I'm trying to write an RNG that also returns the value of the updated seed. The perhaps obvious reason for this is so that new random variables can be added to the program later, without changing the values of the existing RNGs. For a python/numpy version of this issue see for example: Difference between RandomState and seed in numpy
Here's a example of usage with a (tentative) proposed solution:
program main
! note that I am assuming size=12 for the random
! seed but this is implementation specific and
! could be different in your implementation
! (you can query this with random_seed(size) btw)
integer :: iseed1(12) = 123456789
integer :: iseed2(12) = 987654321
do i = 1, 2
x = ran(iseed1)
y = ran(iseed2)
end do
end program main
function ran( seed )
integer, intent(inout) :: seed(12)
real :: ran
call random_seed( put=seed )
call random_number( ran )
call random_seed( get=seed )
end function ran
Note that a vital aspect of this solution (and any other solutions) is that if we added seed3
and x3
to the above, there would be no change to the realized values of x1
and x2
. Similarly, either x1
or x2
could be deleted from the code without affecting the values of the other one.
If it helps, this how the ran()
(extension) function works on Compaq/HP and Intel compilers and I'm basically trying to implement that same API on gfortran.
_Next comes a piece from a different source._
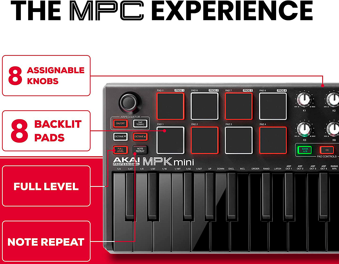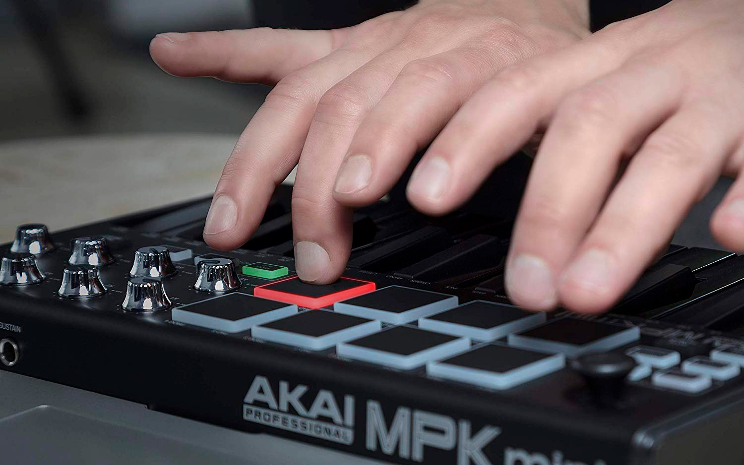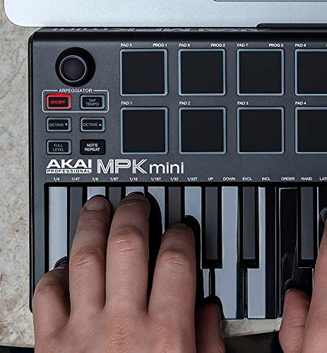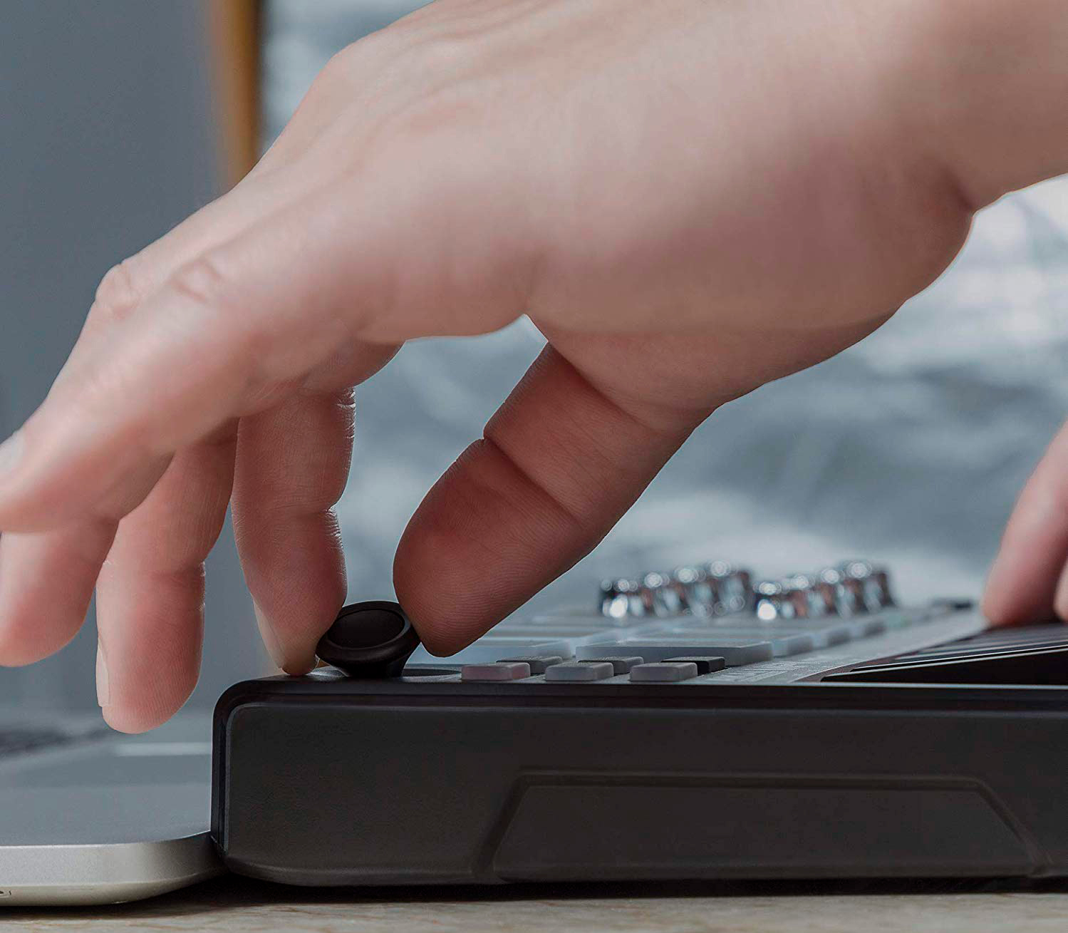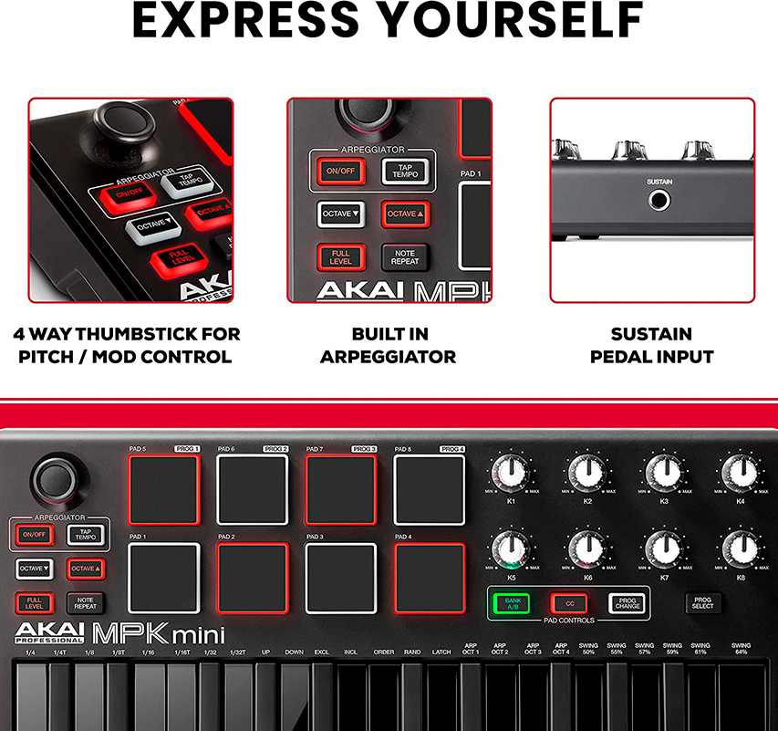 В наличии 8 пэдов с подсветкой для работы с сэмплами. 8 энкодеров предназначены для управления встроенными звуками и параметрами DAW. 4-позиционный джойстик — для регулировки высоты тона и модуляции. Имеется встроенный арпеджиатор с дополнительными настройками.

Note, however, that the seed for that function is a scalar whereas it is a one-dimensional array using the Fortran 90 subroutine random_seed
(with the size/length of the array being implementation specific).
I am providing my current solution as a benchmark error but hope others can either critique that answer or provide better ones.
I would appreciate any analysis of the benchmark results according to standard PRNG tests and in particular, analysis of how the seed is set. In the benchmark I am merely using a scalar broadcast to an array which is very simple and concise and would like to avoid explicitly providing an entire array of integers.
So I would like either a somewhat rigorous confirmation that this is fine or else a more concise method of setting the seed (in a repeatable way!) than writing out an entire array of, say, 12 or 33 integers. E.g. maybe there is some simple and concise way to produce a nice stream of 12 pseudo-random integers from a single integer (as the array length is so short, this is probably easy?).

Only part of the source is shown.